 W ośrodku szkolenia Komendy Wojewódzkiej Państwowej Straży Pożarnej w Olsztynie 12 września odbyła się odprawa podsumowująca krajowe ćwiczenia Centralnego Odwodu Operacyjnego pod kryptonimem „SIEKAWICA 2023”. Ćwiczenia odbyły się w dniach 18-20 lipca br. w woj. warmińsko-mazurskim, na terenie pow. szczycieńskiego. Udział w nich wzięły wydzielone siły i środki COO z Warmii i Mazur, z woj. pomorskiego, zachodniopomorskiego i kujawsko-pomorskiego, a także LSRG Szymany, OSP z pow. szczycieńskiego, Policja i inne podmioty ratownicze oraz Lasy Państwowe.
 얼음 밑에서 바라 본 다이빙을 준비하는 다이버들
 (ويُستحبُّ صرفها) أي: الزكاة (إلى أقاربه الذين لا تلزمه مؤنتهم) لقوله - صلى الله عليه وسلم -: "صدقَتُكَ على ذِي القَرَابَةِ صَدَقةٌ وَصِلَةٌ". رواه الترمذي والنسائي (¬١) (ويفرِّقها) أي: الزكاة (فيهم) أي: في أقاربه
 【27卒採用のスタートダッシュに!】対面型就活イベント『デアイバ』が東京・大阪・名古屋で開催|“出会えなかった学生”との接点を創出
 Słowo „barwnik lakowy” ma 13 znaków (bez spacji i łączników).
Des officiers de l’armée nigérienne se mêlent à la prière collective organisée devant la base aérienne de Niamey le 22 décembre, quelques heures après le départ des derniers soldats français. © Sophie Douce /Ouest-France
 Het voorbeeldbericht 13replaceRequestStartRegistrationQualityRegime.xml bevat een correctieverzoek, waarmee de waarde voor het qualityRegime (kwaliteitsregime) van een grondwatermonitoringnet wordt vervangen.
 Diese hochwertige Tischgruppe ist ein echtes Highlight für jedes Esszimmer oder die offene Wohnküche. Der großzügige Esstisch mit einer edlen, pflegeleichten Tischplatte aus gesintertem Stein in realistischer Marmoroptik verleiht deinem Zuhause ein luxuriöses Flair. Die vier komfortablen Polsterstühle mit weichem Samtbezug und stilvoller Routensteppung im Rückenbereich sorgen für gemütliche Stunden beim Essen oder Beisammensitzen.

════════════════

● **What you have to do**
What you return should match every line above exactly.

● **Answer to the problem**
 W ośrodku szkolenia Komendy Wojewódzkiej Państwowej Straży Pożarnej w Olsztynie 12 września odbyła się odprawa podsumowująca krajowe ćwiczenia Centralnego Odwodu Operacyjnego pod kryptonimem „SIEKAWICA 2023”. Ćwiczenia odbyły się w dniach 18-20 lipca br. w woj. warmińsko-mazurskim, na terenie pow. szczycieńskiego. Udział w nich wzięły wydzielone siły i środki COO z Warmii i Mazur, z woj. pomorskiego, zachodniopomorskiego i kujawsko-pomorskiego, a także LSRG Szymany, OSP z pow. szczycieńskiego, Policja i inne podmioty ratownicze oraz Lasy Państwowe.
 얼음 밑에서 바라 본 다이빙을 준비하는 다이버들
 (ويُستحبُّ صرفها) أي: الزكاة (إلى أقاربه الذين لا تلزمه مؤنتهم) لقوله - صلى الله عليه وسلم -: "صدقَتُكَ على ذِي القَرَابَةِ صَدَقةٌ وَصِلَةٌ". رواه الترمذي والنسائي (¬١) (ويفرِّقها) أي: الزكاة (فيهم) أي: في أقاربه
 【27卒採用のスタートダッシュに!】対面型就活イベント『デアイバ』が東京・大阪・名古屋で開催|“出会えなかった学生”との接点を創出
 Słowo „barwnik lakowy” ma 13 znaków (bez spacji i łączników).
Des officiers de l’armée nigérienne se mêlent à la prière collective organisée devant la base aérienne de Niamey le 22 décembre, quelques heures après le départ des derniers soldats français. © Sophie Douce /Ouest-France
 Het voorbeeldbericht 13replaceRequestStartRegistrationQualityRegime.xml bevat een correctieverzoek, waarmee de waarde voor het qualityRegime (kwaliteitsregime) van een grondwatermonitoringnet wordt vervangen.
 Diese hochwertige Tischgruppe ist ein echtes Highlight für jedes Esszimmer oder die offene Wohnküche. Der großzügige Esstisch mit einer edlen, pflegeleichten Tischplatte aus gesintertem Stein in realistischer Marmoroptik verleiht deinem Zuhause ein luxuriöses Flair. Die vier komfortablen Polsterstühle mit weichem Samtbezug und stilvoller Routensteppung im Rückenbereich sorgen für gemütliche Stunden beim Essen oder Beisammensitzen.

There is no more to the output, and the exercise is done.